Seit Juli 2013 ist Professor Dr. Rebecca Spirig verantwortlich für die Pflege am UniversitätsSpital Zürich. Nach 100 Tage zieht sie eine erste Bilanz und spricht über Hochkompetenz, Wohlfühlzonen in der Pflege und erklärt, woraus der Skill- und Grade-Mix in Zukunft besteht.
Rebecca Spirig begrüsst mich für das Interview um 8:15 Uhr in ihrem Büro am UniversitätsSpital Zürich (USZ). Das Büro befindet sich in einem kleinen Haus auf dem grossen USZ-Gelände. An der Bürowand steht ein Micro Scooter, wohl für die langen Distanzen im USZ. Sie setzt sich vis-à-vis an den Sitzungstisch.
Frau Spirig, wenn Sie im Alltag auf einer Pflegestation sind, worauf achten Sie?
Ich achte auf die Art, wie sich Menschen begegnen und wie kommuniziert wird. Beispielsweise ob Pflegende und Ärzte klar kommunizieren. Ich sehe, wenn Hektik herrscht oder Hand-in-Hand gearbeitet wird. Auch fällt mir auf, ob patientenzentriert gearbeitet wird.
Woran erkennen Sie, ob patientenzentriert gearbeitet wird?
An den Äusserungen der Pflegenden und Ärzte. Es gibt Abteilungen, welche eine sehr technische Sprache verwenden. Das mag in spezifischen Situationen sinnvoll sein; für den Patienten hingegen, ist dies unglücklich.
Seit Juli 2013 sind Sie Direktorin Pflege und MTTB (= medizinisch-technisch-therapeutische Berufe) und Mitglied der Spitaldirektion am USZ. Haben Sie sich gut in der neuen Funktion eingelebt?

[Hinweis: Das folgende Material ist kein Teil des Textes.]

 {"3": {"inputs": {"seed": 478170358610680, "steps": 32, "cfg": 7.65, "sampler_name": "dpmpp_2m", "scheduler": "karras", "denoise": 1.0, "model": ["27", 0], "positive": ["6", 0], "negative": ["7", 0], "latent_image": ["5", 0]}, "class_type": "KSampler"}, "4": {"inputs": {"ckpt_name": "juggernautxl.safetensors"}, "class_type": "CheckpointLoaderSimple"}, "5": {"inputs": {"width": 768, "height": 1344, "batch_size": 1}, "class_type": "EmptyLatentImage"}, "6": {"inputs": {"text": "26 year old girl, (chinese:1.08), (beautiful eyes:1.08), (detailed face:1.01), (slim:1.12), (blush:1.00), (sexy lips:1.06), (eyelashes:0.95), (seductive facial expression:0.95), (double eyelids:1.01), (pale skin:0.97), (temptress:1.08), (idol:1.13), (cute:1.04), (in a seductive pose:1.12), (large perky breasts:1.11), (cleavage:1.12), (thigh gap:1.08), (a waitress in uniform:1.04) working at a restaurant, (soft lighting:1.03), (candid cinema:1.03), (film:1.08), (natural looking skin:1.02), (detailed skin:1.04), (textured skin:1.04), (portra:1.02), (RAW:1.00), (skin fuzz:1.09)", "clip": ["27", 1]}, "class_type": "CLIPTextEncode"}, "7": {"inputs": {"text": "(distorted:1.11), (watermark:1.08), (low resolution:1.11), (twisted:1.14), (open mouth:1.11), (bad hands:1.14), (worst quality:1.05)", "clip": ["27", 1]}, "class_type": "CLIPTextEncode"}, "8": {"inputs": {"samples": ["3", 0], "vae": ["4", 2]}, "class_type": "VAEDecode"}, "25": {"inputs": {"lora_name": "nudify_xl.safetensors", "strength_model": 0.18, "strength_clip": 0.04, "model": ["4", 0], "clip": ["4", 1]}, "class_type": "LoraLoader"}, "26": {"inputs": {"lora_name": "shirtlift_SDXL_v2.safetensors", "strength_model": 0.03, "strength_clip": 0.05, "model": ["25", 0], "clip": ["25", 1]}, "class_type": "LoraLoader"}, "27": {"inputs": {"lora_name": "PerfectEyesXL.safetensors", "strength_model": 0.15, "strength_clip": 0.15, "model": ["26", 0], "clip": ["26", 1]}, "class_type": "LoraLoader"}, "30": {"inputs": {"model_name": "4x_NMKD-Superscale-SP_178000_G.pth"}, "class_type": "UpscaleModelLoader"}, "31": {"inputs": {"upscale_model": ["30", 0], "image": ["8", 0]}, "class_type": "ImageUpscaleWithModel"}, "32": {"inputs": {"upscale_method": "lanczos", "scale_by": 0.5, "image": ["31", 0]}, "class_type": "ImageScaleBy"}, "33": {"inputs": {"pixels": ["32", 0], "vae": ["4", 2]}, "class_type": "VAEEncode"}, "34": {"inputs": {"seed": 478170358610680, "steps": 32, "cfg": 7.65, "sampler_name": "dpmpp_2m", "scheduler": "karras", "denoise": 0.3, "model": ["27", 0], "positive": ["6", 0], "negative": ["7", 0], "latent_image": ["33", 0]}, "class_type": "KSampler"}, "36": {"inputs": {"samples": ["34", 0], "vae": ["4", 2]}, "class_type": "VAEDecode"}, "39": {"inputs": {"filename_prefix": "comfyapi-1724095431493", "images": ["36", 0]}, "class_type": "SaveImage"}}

Ich denke, ich bin nun mit einem Fuss angekommen, möchte mir aber noch etwas Zeit lassen für die Rollenfindung. Heute stelle ich meine erste Analyse vor: 100 Tage Rebecca Spirig [Anmerkung: das Interview wurde am 15.10.2013 geführt]. In der Zeit konnte ich bereits viele Gespräche führen, hatte Sitzungen und musste auch Verantwortung übernehmen. Von Anfang an wurde von mir etwas erwartet. Da ich aus der Pflegewissenschaft komme, werde ich die Fachkompetenz sowohl für Pflege wie auch MTTB klar ins Zentrum stellen. Ein weiterer zentraler Punkt ist die Führung: Vorbild sein. In den letzten 100 Tagen konnte ich meine Sicht schärfen, wohin sich der Bereich Pflege/MTTB künftig entwickeln soll. Bei uns gibt es eine Teilstrategie Medizin, Pflege und MTTB. Ärzte, Pflegende und MTTBs führen zusammen das Kerngeschäft und tragen gemeinsam die Verantwortung im multiprofessionellen Alltag. Diese Teilstrategie erleichtert meine Arbeit sehr.

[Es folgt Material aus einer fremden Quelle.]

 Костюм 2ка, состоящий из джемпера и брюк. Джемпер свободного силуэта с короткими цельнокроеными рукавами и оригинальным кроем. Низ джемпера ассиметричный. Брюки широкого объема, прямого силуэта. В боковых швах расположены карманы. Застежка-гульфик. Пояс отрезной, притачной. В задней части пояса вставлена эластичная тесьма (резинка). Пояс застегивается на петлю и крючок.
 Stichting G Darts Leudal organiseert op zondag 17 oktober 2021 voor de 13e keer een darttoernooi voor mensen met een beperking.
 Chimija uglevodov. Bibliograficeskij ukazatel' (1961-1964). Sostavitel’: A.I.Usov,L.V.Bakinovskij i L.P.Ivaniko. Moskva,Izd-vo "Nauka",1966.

Inwiefern hat sich Ihr Bild der Pflegedienstleitungen verändert, seit Sie selbst dem Pflegemanagement angehören?
Das Bild hat sich nicht verändert, da ich bereits sehr nah mit meiner Vorgängerin zusammengearbeitet habe und die Pflegedienstleitungen kannte. Mir ist eine klare und trotzdem partizipative Führung wichtig.
Was fasziniert Sie an der Funktion? Warum wechselten Sie aus der Pflegewissenschaft ins Pflegemanagement?
Ich will bewegen, steuern und befähigen. Der Bereich Pflege und MTTB soll sich kompetent einbringen und Verantwortung übernehmen, im Sinne der Patienten.
Was zeichnet Ihre Führungsart aus?
Leadership. Ich steuere über Inhalte, führe klar, aber dialogorientiert. Auch versuche ich Entwicklungen vorherzusehen und diese einzubringen. Breit abgestützte Führung erleichtert die Arbeit und ermöglicht Entwicklungen.
Gutes Pflegepersonal ist gesucht, warum ist das USZ ein attraktiver Arbeitgeber?
Als Leiterin des Zentrums Klinische Pflegewissenschaft am USZ konnte ich die Personalstrategie bereits mitprägen. Wir setzen auf Hochkompetenz. Fachkräfte kommen zu uns, weil Kompetenz im Sinne der Patienten im Zentrum steht. Damit sind nicht nur akademische Entwicklungen gemeint, sondern die Fortbildung auf allen Ebenen im Bereich Bildung, Führung und Fach.
Im Gesundheitswesen gibt es zurzeit viele Veränderungen. Welche Rolle spielt die Pflege im aktuellen Wandel?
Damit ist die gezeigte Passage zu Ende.